»»

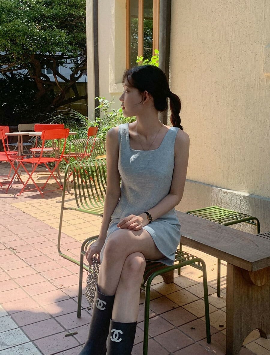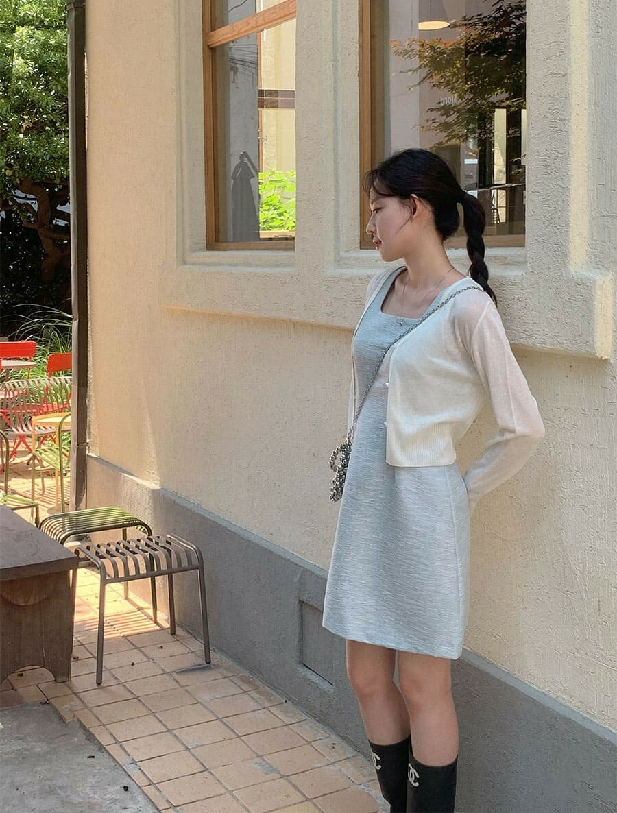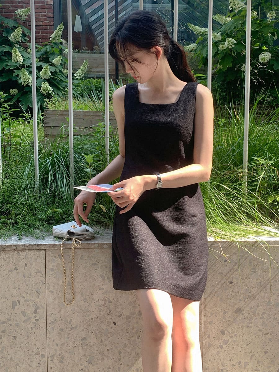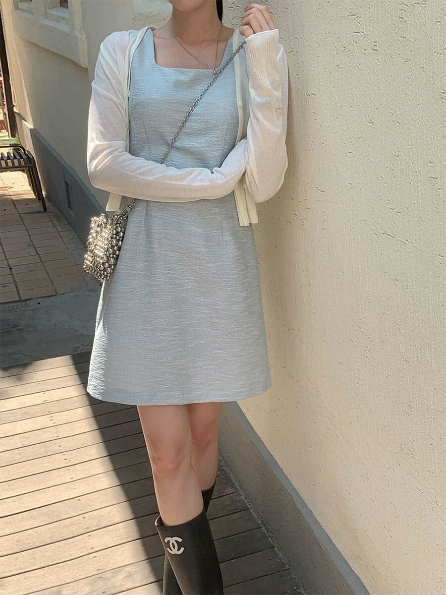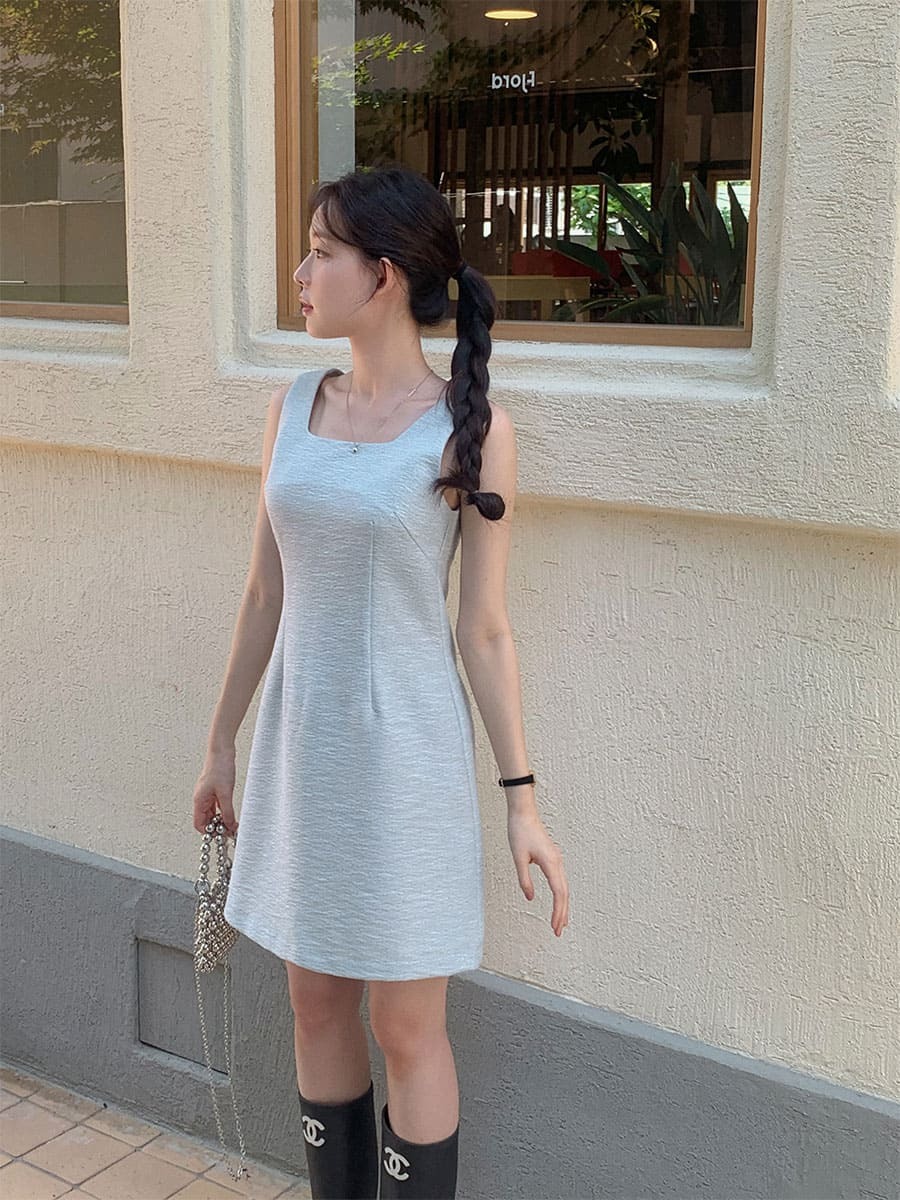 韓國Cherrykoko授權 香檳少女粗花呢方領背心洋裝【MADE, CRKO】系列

««
»»

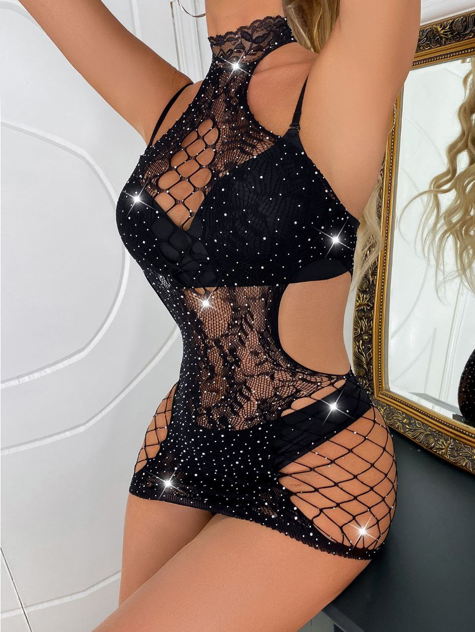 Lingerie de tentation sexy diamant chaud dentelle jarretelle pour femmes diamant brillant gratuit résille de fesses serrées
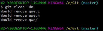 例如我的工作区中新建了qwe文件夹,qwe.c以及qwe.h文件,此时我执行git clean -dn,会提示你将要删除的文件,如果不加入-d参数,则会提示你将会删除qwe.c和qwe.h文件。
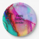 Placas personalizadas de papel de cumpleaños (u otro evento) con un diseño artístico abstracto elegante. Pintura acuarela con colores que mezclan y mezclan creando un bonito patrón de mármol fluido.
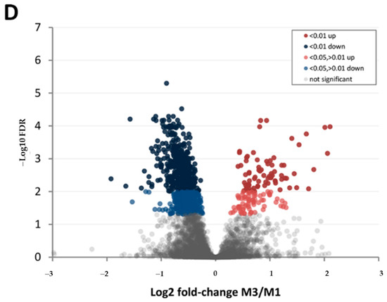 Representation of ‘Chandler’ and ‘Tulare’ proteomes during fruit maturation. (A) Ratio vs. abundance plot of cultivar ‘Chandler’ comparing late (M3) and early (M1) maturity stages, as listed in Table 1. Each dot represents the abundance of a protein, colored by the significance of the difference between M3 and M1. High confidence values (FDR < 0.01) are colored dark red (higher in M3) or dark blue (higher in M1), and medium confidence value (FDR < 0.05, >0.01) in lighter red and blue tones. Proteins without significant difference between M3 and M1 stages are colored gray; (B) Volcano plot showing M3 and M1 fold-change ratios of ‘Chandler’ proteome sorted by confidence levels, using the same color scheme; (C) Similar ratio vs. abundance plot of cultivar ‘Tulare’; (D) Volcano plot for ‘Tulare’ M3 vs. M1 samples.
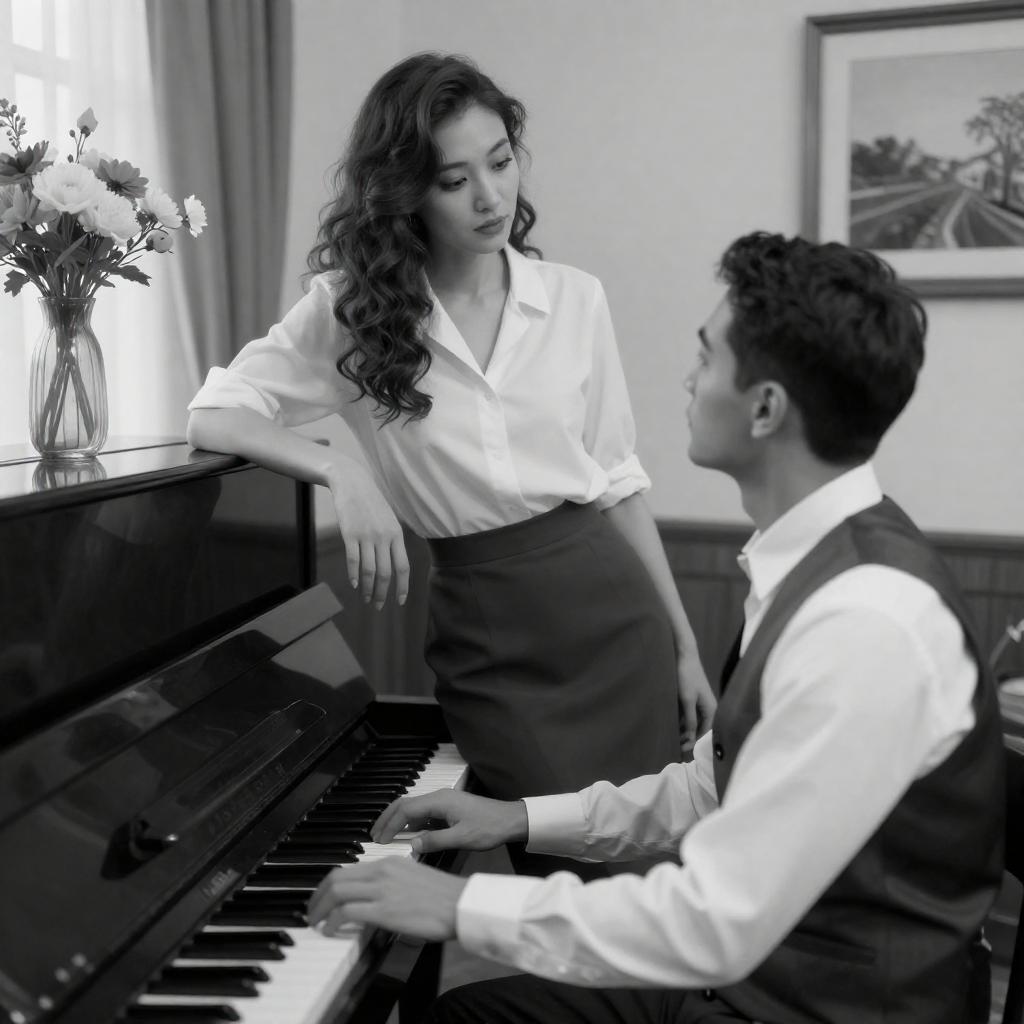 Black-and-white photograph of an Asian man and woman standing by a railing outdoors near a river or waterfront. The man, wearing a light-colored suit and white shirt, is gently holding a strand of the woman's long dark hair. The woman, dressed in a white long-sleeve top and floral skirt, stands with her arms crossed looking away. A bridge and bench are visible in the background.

««

#### [INSTRUCTIONS TO FOLLOW]
An exact copy is needed. It runs from the line above containing "Representation of ‘Chandler’" down to the line containing "Black-and-white photograph of", both included, with no pictures.

#### [YOUR RESPONSE]
 Representation of ‘Chandler’ and ‘Tulare’ proteomes during fruit maturation. (A) Ratio vs. abundance plot of cultivar ‘Chandler’ comparing late (M3) and early (M1) maturity stages, as listed in Table 1. Each dot represents the abundance of a protein, colored by the significance of the difference between M3 and M1. High confidence values (FDR < 0.01) are colored dark red (higher in M3) or dark blue (higher in M1), and medium confidence value (FDR < 0.05, >0.01) in lighter red and blue tones. Proteins without significant difference between M3 and M1 stages are colored gray; (B) Volcano plot showing M3 and M1 fold-change ratios of ‘Chandler’ proteome sorted by confidence levels, using the same color scheme; (C) Similar ratio vs. abundance plot of cultivar ‘Tulare’; (D) Volcano plot for ‘Tulare’ M3 vs. M1 samples.
 Black-and-white photograph of an Asian man and woman standing by a railing outdoors near a river or waterfront. The man, wearing a light-colored suit and white shirt, is gently holding a strand of the woman's long dark hair. The woman, dressed in a white long-sleeve top and floral skirt, stands with her arms crossed looking away. A bridge and bench are visible in the background.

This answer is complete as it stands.